Monday, 23 June 2014

Getting a Crisp Crust

If you check out some baking web sites and blogs, you will find that one of the biggest issues is about getting a nice crisp crust on your bread. The answer is providing steam in the oven during the early part of baking. Professional bakers use sealed ovens that have steam pipes to provide steam just when it is needed. Unfortunately most domestic ovens are not sealed and have no provision for creating steam. 

The simple answer is to put some cold water (or even ice cubes) in a hot dish in the bottom of the oven as set out in this recipe. Too little water will not produce enough steam and too much will stop the crust crisping. So measure it accurately and if there is any water left in the dish half way through the bake take it out and reduce the amount of water the next time.

Another option is to get a water spray/atomizer and squirt water into the oven several times during the early stages of baking. Some people swear by this technique but it does mean keeping opening the oven door.

The best method is to enclose the loaf during the early part of the bake (as the dough itself gives off steam) using a covered casserole dish, metal Dutch oven or a cloche (baking dome). Then remove the lid part way through baking so that the crust crisps up. 

Friday, 6 June 2014

Better Sourdough

Having worked my way through every combination of the variations in the previous post, I finally arrived at the one method that works for me every time and produces really good bread. I usually bake in the morning so the following method starts in the evening, but if you want to bake in the evening just start in the morning, the steps are the same in either case.

This recipe will produce a 660g loaf (about 1½ pounds), using a bread tin or baking tray.

Flour 400g strong white bread flour
Water 220ml preferably filtered water at room temperature
Starter 100ml sourdough starter at room temperature
Salt   1 teaspoon preferably sea salt


Get the sourdough starter out of the fridge and bring it up to room temperature for about 2 hours. Make a sponge by mixing the sourdough starter, water and half the flour but not the salt and leave it in the mixing bowl covered with cling-film overnight in a cool place.

In the morning remove the cling film and the sponge should be fermenting (thick and bubbly). Add the other half of the flour and salt and mix well. Add more flour or water if necessary but keep the dough as sticky as possible.

Turn the dough out onto a lightly floured surface and knead until the dough is smooth and satiny (around 10 minutes). 

Shape the dough and put it in a bread tin or on a baking sheet, dust with flour, cover with a tea towel and proof in a warm place for two to three hours until nearly doubled in size.

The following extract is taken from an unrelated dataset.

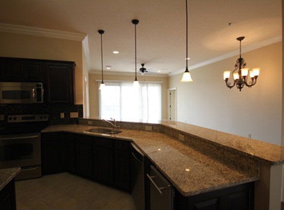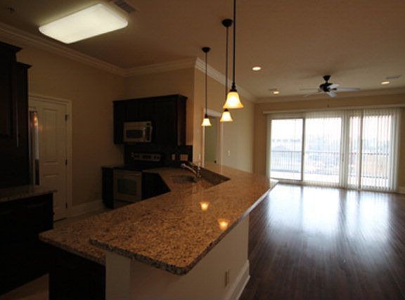 Luxury condos one block from Toomers. This is a 2 BR suite with 1416 sqft. Hardwood flooring in the hall and Great Room, stainless steel appliances, ice maker, washer/dryer, granite countertops in kitchen and baths, tile shower, covered patio w/ tile floor and storage closet. Crown moulding throughout. Views of campus. See pix for floorplan. One underground reserved parking space per bedrooom.

Slash the top of the loaf with a sharp bread knife and put it in on a low shelf in the oven. Put 100ml of water into an ovenproof dish in the bottom of the oven (to create steam) and set the oven to 230°C (190°C fan), 450°F or gas mark 8.  Bake for 35 to 40 minutes once the oven has got up to temperature or until the crust is golden, turn the oven off and leave the bread in the cooling oven, with the oven door slightly open, for another 5 minutes, then turn the loaf out onto a rack to cool for at least an hour.